Pub Date : 2026-04-01Epub Date: 2026-01-27DOI: 10.1016/j.joei.2026.102466
Duc-Thang Tran , Nguyen-Phuong Nguyen , Thanh-Linh H. Duong , Anh Minh-Nhat Lai , Quang-Long Nguyen , Minh-Tuan Nguyen-Dinh , Tri Nguyen , Hoang-Duy P. Nguyen , Thuy-Phuong T. Pham
Mitigation of CO2 emissions has become a global challenge, and its catalytic conversion to CH4 represents a promising route for carbon utilization as well as renewable fuel production. In this work, a series of Ni/SiO2 catalysts were synthesized via wet impregnation, a modified sol-gel process, and a combined sol-gel/post-impregnation approach to balance embedded and surface Ni species for efficient CO2 methanation. The as-prepared, reduced and spent catalysts were characterized by XRD, N2 physisorption, TEM, H2-TPR, CO2-TPD, H2-TPD and TPO to correlate structural properties with catalytic performance. The Ni-embedded SiO2 catalyst (20Ni-SiO2) exhibited higher BET surface area, uniform mesoporosity, better dispersion and stronger MSI compared to the impregnated 20Ni/SiO2, highlighting the importance of sol-gel incorporation in texture control.

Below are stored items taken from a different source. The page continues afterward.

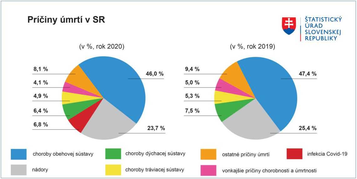 Dlhodobo najčastejšou príčinou s výrazne najvyšším podielom na zomieraní v krajine sú choroby obehovej sústavy, tvoria až vyše 40 % príčin úmrtí na Slovensku. Minulý rok dosahovali tieto diagnózy podiel na všetkých úmrtiach 46 %.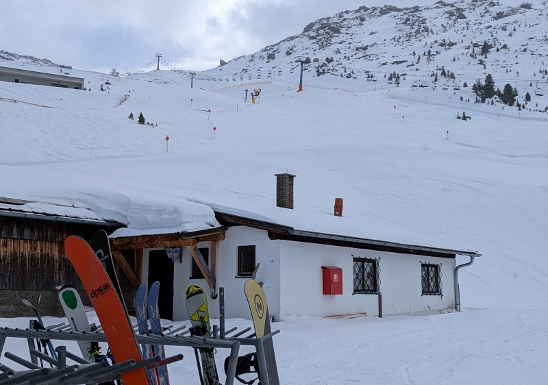 , we reckon a visit to the alpine hut would be a real highlight of a Glungezer visit. There looks to be a nice 600m vertical freeride descent back into the Schartenkogel lift base from the hut. We scoped out a few full-on off-piste freeride descent possibilities from Schartenkogel top station into the Voldertal (the next valley to the east), but local knowledge is required to ski tour back to the gondola base in Tulfes and we didnt have the time.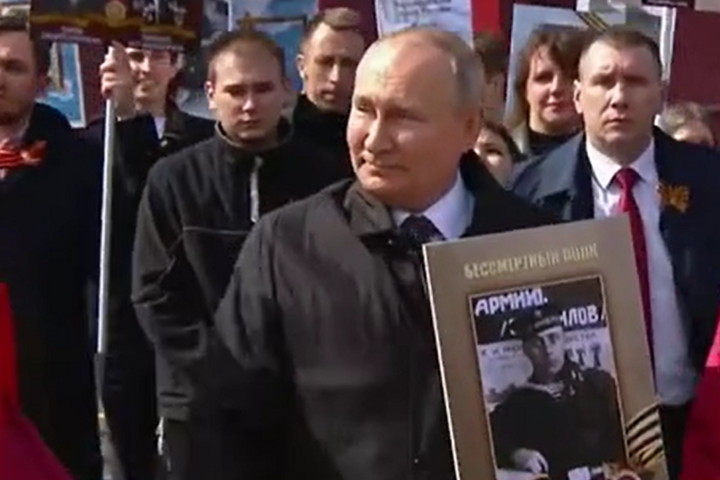 Президент Росії під час ходи «Безсмертного полку» посміхається, а в той час його вояки вбивають мирних жителів України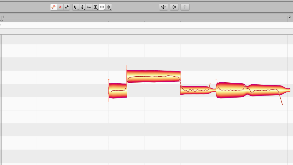Escolhida a melhor subdivisão que se adeque ao material de áudio que está sendo trabalhado, a correção é intuitiva. Apenas cliques duas vezes no blob que você deseja corrigir.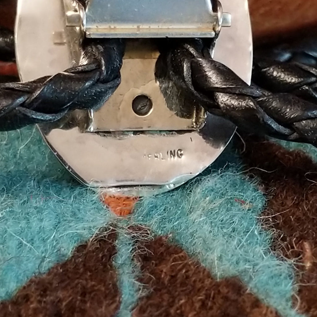 This is a handsome bolo tie with its clasp holding a bright white buffalo stone with black veining that runs on the outer edges. The stone is framed by stamped silver that has been given a deep patina to maintain its eye-catching contrast.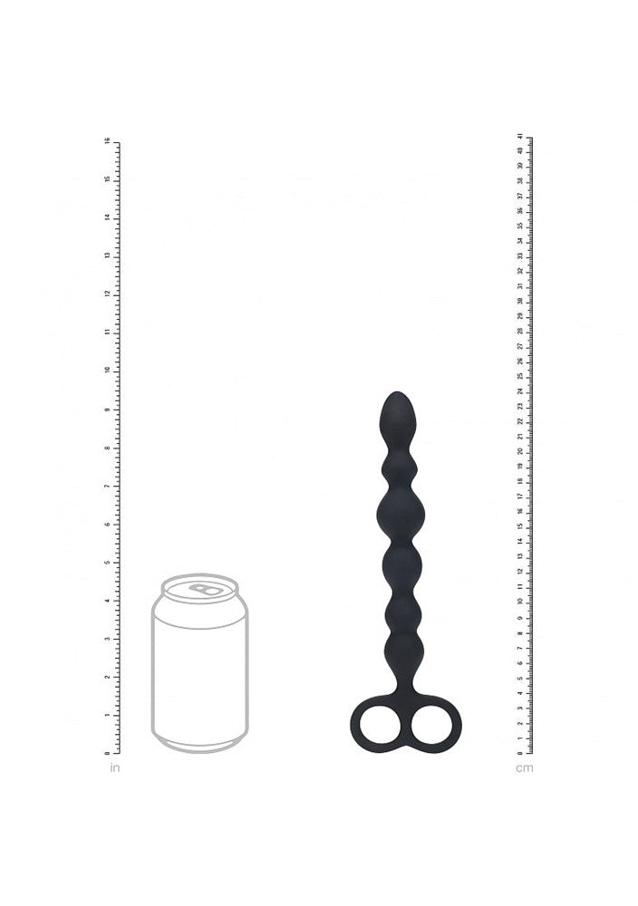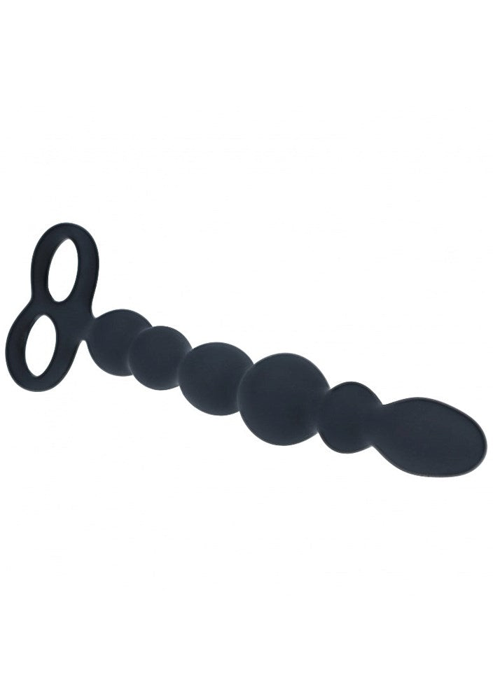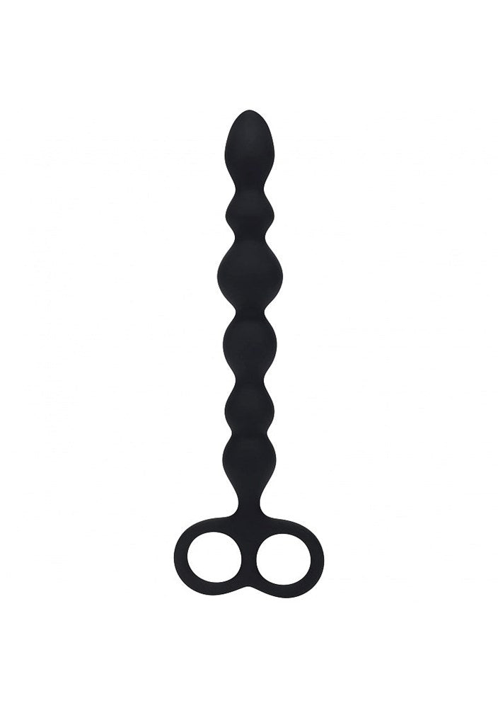 Silicone anal probe with smooth bead pattern and dual-loop base for progressive exploration and secure retrieval during solo or partnered play.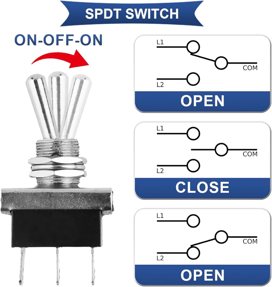Effortless Operation: ON/OFF 2-position design, these SPST (Single Pole Single Throw) switches offer easy and intuitive operation, making them ideal for controlling lights, fans, motors, and more with a flick of a switch.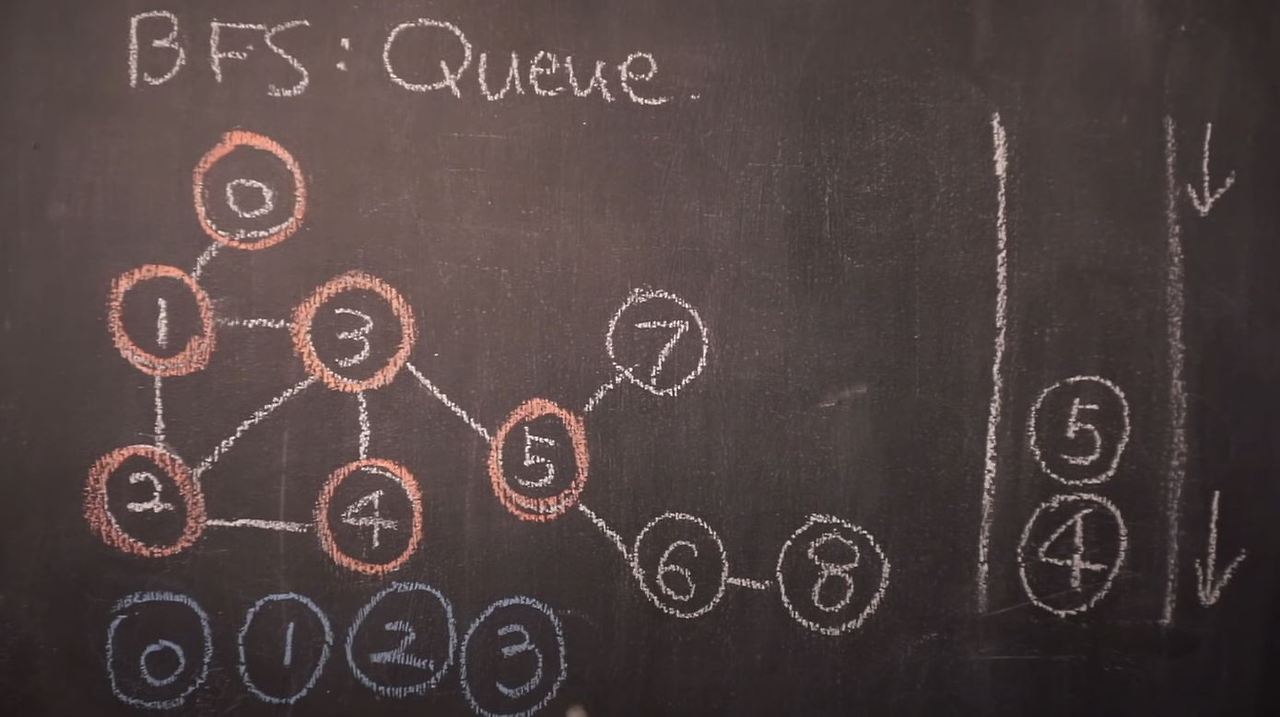 5. 이 후 3번 노드를 꺼내 출력하고, 그 인접 노드인 5번 노드를 큐에 담았다.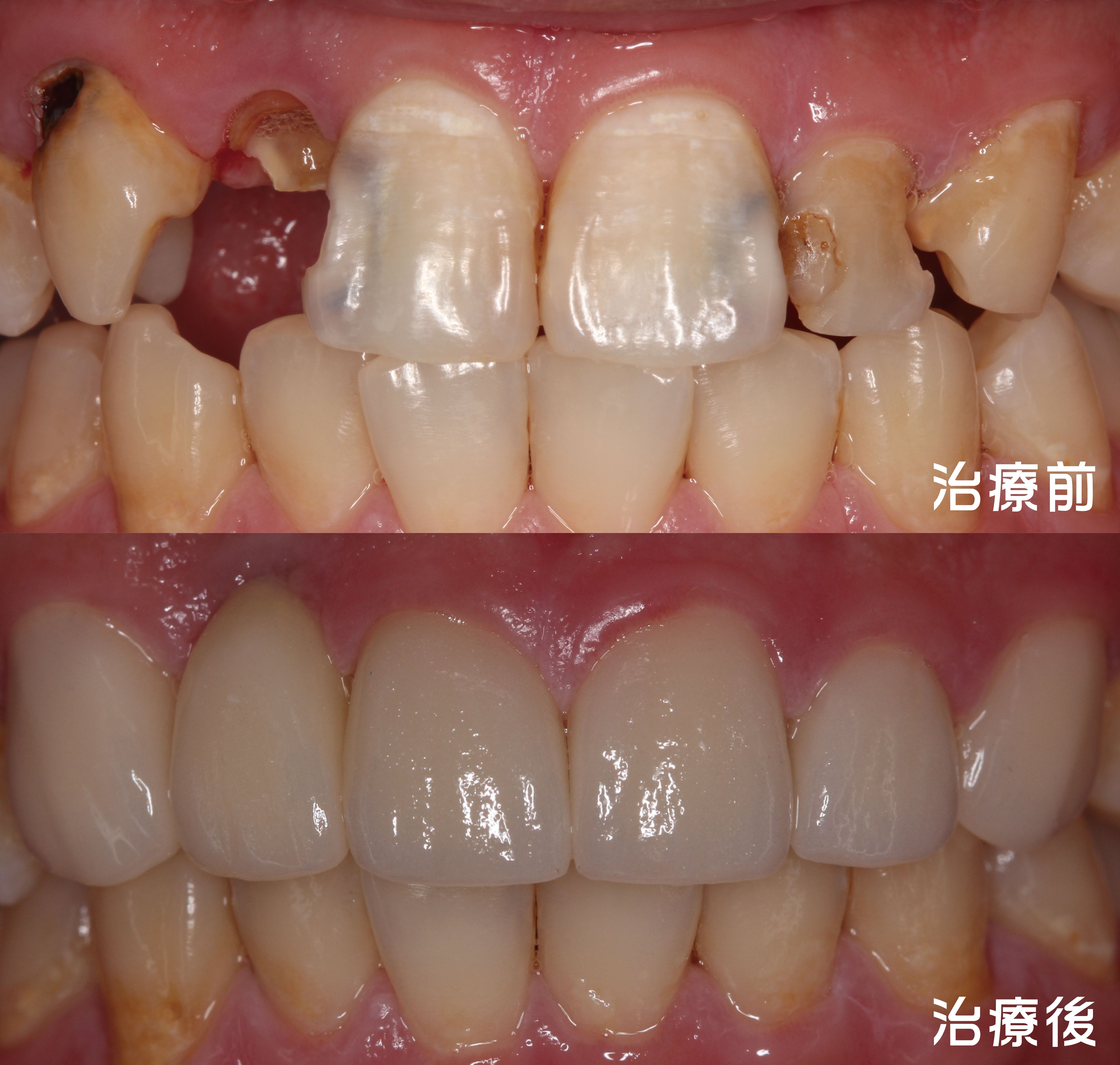 全瓷牙冠和金屬融合瓷牙外觀看起來都是瓷牙﹐但美觀的呈現及人體相容性是明顯不同的。全瓷牙冠的接受度在近幾年來有越來越高的趨勢﹐主要是因為全瓷牙冠內層完全無金屬支撐﹐因此光線的折射、透射效果和自然牙相仿﹐假牙看起來不會暗沉死白﹐和真牙幾可相仿。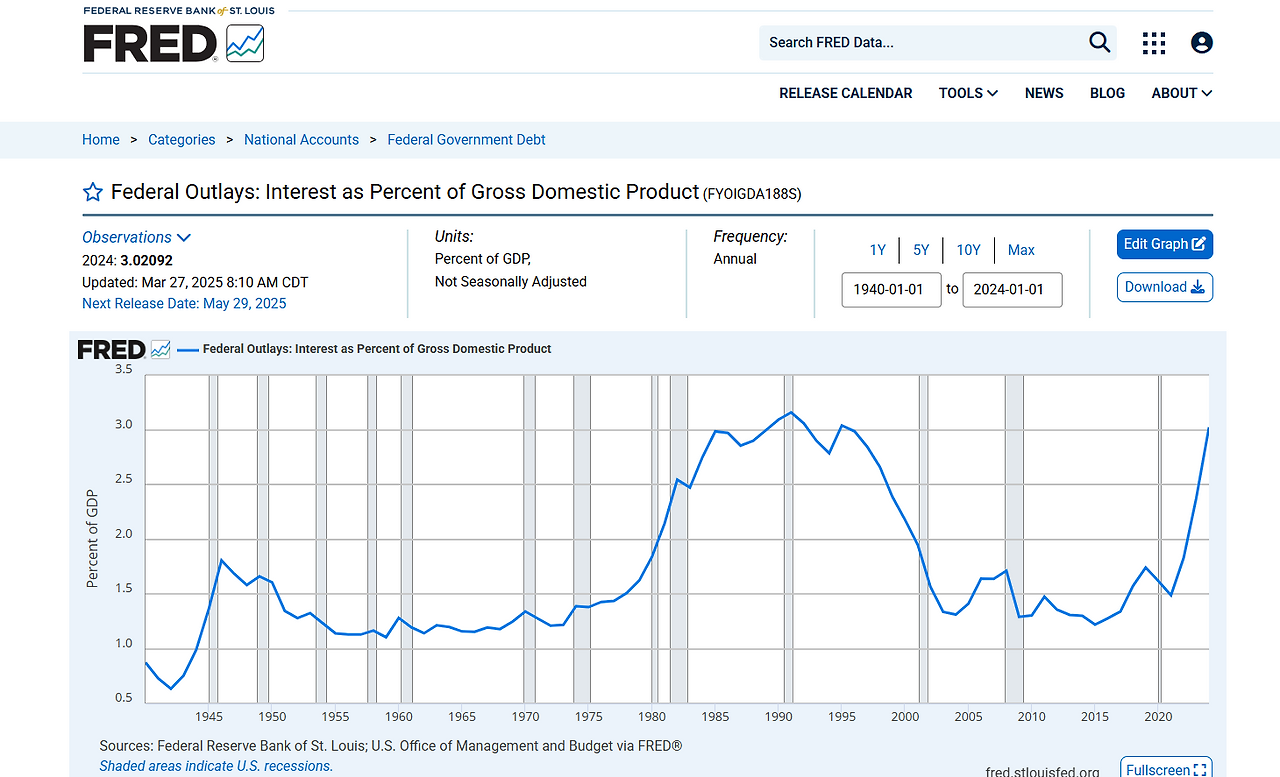 재정적자의 규모보다 더욱 중요한 것은 결국 연방 정부의 이자비용 부담일것입니다.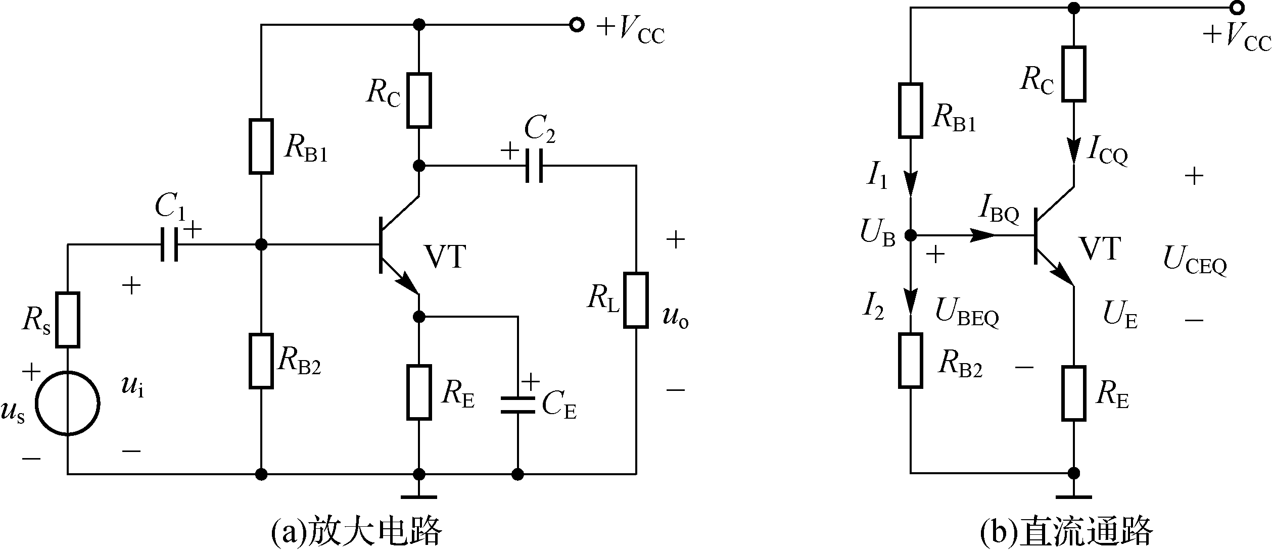 图7-16(a)所示为稳定静态工作点的共发射极放大电路,这是由RB1和RB2组成的分压式偏置电路,故称为分压式偏置放大电路。这种电路可以根据温度的变化自动调节基极电流IB,以削弱温度对集电极电流IC的影响,使静态工作点基本稳定。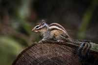 Foto van een lief klein grondeekhoorntje zittend op een stuk boomstam in het herfst bos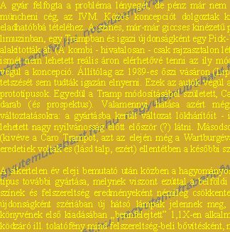 négyütemű Trabant - Trabant 1.1/1,1 - limuzin - kombi - Tramp - Polo motoros Trabant - 1.1/1,1 típustörténet - prototípus - nullszéria - bemutató - BM820 - 1.05/1,05 kcm - Wartburg 1.3/1,3 - 1.1E/Entwicklung - 1,1S/Special - IVM-Trabant - Caro-Up - Caro Tramp - 601 - VW - Lipcsei Vásár

Interestingly, CO2-TPD revealed greater CO2 adsorption ability for impregnated Ni species, whereas H2-TPD indicated superior hydrogen dissociation activity for embedded Ni species. Consequently, due to the synergistic contribution of embedded and surface Ni species, the post-impregnated 10Ni/(20Ni-SiO2) catalyst achieved 81.6 % CO2 conversion and 99.5 % CH4 selectivity at 350 °C, outperforming conventional impregnated and sol-gel catalysts. Stability tests and TPO profiles confirm that the 10Ni/(20Ni-SiO2) catalyst maintains efficient performance over 100 h, with only a 5 % decrease in CO2 conversion, negligible change in CH4 selectivity, and excellent resistance to coke formation.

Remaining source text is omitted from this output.